The future of constitutionalism in world society is uncertain. This is certainly no surprise. On the one hand, the future itself is a temporal horizon that cannot be observed in the present. Notwithstanding all rational planning, projects and expectations, “the future cannot begin”.1 On the other hand, constitutions were first invented in a revolutionary context to liberate society from its bonds to the past and provide for its “open future”, a future that is now already past.2
There is a growing body of literature in the fields of constitutional and international law on the role of constitutionalism in world society.

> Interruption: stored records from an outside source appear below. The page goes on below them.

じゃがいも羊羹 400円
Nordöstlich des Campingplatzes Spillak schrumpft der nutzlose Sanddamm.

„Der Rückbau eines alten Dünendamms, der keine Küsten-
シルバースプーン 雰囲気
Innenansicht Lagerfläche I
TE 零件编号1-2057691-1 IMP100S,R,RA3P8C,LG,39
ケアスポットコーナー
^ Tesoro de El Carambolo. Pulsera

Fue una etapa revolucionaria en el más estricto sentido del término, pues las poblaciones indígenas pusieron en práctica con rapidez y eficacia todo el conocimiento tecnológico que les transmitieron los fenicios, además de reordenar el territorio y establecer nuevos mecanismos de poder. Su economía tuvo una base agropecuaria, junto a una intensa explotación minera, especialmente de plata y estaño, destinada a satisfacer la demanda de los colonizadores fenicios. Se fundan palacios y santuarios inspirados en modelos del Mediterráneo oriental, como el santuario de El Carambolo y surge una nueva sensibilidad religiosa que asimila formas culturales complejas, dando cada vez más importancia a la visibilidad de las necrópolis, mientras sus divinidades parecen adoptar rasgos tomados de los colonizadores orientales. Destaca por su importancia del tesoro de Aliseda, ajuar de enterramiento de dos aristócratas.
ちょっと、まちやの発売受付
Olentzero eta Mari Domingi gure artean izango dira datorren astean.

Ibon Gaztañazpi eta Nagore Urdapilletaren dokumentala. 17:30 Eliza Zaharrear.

Would constitutionalism, traditionally connected with the historical formation of nation states, still have something to say in the age of accelerated globalization or would we now be facing its twilight?3
Although there is no consensus about the answer to this question, the prospect of a unifying global constitution with the same compact, holistic and general features as the national ones does not seem feasible, given the increasing fragmentation of global law.4 Decentralizing tendencies toward the transnationalization and privatization of global legal regimes pose new and serious challenges to state-centered constitutionalism and call for a re-thinking and renovation of constitutional theory.5
This first chapter addresses these more general issues of legal and constitutional theory in order to provide the basic theoretical background for the further development of the book. It initially deals with the modern concept of constitution from a sociological perspective, according to which the novelty of constitutions is not necessarily found in their content, but in the specific way they connect law and politics in the historical formation of nation states (1.1). The idea that nation states and their constitutions are currently being challenged by the process of globalization, which is now a commonplace in the social sciences, is then described as a consequence of the gap between the structural changes brought about by modern society and their semantic descriptions. Modern society has always been a world society. The progressive realization of that causes some anxiety in the modern semantics of constitutionalism (1.2). Constitutional theory, thus, reacts with an inflationary use of the concept of constitution, which is itself temporalized with recourse to the category of “constitutionalization” (1.3). Instead of focusing on the potential emergence of global constitutions, it seems more promising for constitutional theory to focus on the transnational constitutional (or transconstitutional) conflicts between different legal orders of world society (1.3.1). Two specific subjects of the current discourse on constitutionalism beyond the state are then briefly analyzed, because of their particular relevance to the main object of the book: the EU (1.3.2) and transnational corporations (1.3.3).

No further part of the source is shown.